How I restored a Sony Vaio PCG C1XD without a Sony CDROM drive

Disclaimer: this was totally unofficial and not recommended by Sony or even me. If this laptop was still under warranty, that warranty would be considered violated (As you will probably be, if the lawyers catch you even googling this!)

The official technique seems to involve buying an Sony brand, external CDROM reader that's more expensive than better third party models, but is mandatory since no other brand or model will work. *cough* Lockin!
Normal 3rd party USB CD drives aren't bootable with this laptop, which makes things difficult for the screwdriver deprived..
Just the screwdriver deprived. 


My Short Version:
Transfer the hard drive to a normal PC, copy the files from the CD to the D:partition, put the drive back into the laptop and start the restore from the bare bootable C: partition using the command

RESTORER   C:   D:\SONY.IMG   -V


My Longer version (with photos)

Extraction

  1. I backed up my stuff more than usual
  2. I turned my laptop onto its front and remove the five screws off the back (the sixth is the RAM cover which is optional)
  3. I removed the battery, to expose the removable cover caps
    Removable cover
    so I could remove the two concealed screws
    Two concealed screws
  4. I rolled my laptop back to normal, and with a flat bladed screwdriver I pushed the hidden catches under the bottom row of keys, approximately under the FN and PGDN keys, so the keyboard popped up
  5. I disconnected the two keyboard cables
    Internal keyboard screws
    The friction catches are straight forward, lift them a millimetre or two (tweezers worked for me) and the cable just slides out from inside, leaving the catch still attached to the board.
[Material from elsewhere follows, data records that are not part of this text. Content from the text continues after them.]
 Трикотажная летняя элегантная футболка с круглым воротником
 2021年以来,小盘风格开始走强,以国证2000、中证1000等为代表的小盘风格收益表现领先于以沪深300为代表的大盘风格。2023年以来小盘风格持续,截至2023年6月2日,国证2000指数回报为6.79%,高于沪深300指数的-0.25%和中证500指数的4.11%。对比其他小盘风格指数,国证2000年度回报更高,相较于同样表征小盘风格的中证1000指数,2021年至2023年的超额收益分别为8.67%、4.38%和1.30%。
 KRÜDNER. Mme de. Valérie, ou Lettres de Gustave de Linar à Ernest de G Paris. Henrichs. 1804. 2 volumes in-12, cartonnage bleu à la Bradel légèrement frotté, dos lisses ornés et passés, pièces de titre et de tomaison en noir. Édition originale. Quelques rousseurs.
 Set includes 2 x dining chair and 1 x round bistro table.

The keyboard can then be pulled straight out.
  6. The middle panel needs those two cables
    Panel Cables
    disconnected before it lifts out too
  7. To get the hard drive out
    Harddrive cables
    I disconnected the remaining two cables and then the three screws holding it down (bottom right was missing on my laptop)

Loading

  1. Using an IDE converter
    IDE convertor
    borrowed from Ross at Softlink NZ (thanks) I was now able to make my VAIO laptop drive appear as an IDE drive..
  2. Turning off the PC
    I plugged the VAIO HDD into the secondary IDE cable and the power
    I left the existing PC drive on the primary IDE since I needed it for windows
    I connected in my external USB DVD writer to use as a CD reader
  3. Starting the PC, Windows detected it fine, and I was able to do a full backup
  4. I discovered (the hard way) the Sony restore wouldn't run on the PC, even when booting from CD, due to being a hardware specific install.
  5. But using windows, I created two partitions (C: and D:). 
    (XP command START DISKMGT.MSC  )
  6. I booted off a win98 floppy disk and formatted Drive C as bootable FAT, using the MS-DOS command
    FORMAT C: /S
  7. D: got ordinary FAT, using
    FORMAT D:
  8. Drive D: had the restore CD1 and a Network card driver copied into it

Restoring

  1. Returning the hard drive to the Vaio I was able to boot onto the C drive
  2. Using the dos commands
    D:
    CD \cds\vaio1\sony\
    RESTORER c: d:\cds\vaio1\sony.img -v

    I was able to get inside the restorer directory and restore the Sony image over the C drive
    Screen snap

  3. One reboot later and I was experiencing cutting edge 1998 software.
  4. Once the NIC drivers were installed, I was able to pull other software off the network CD drives.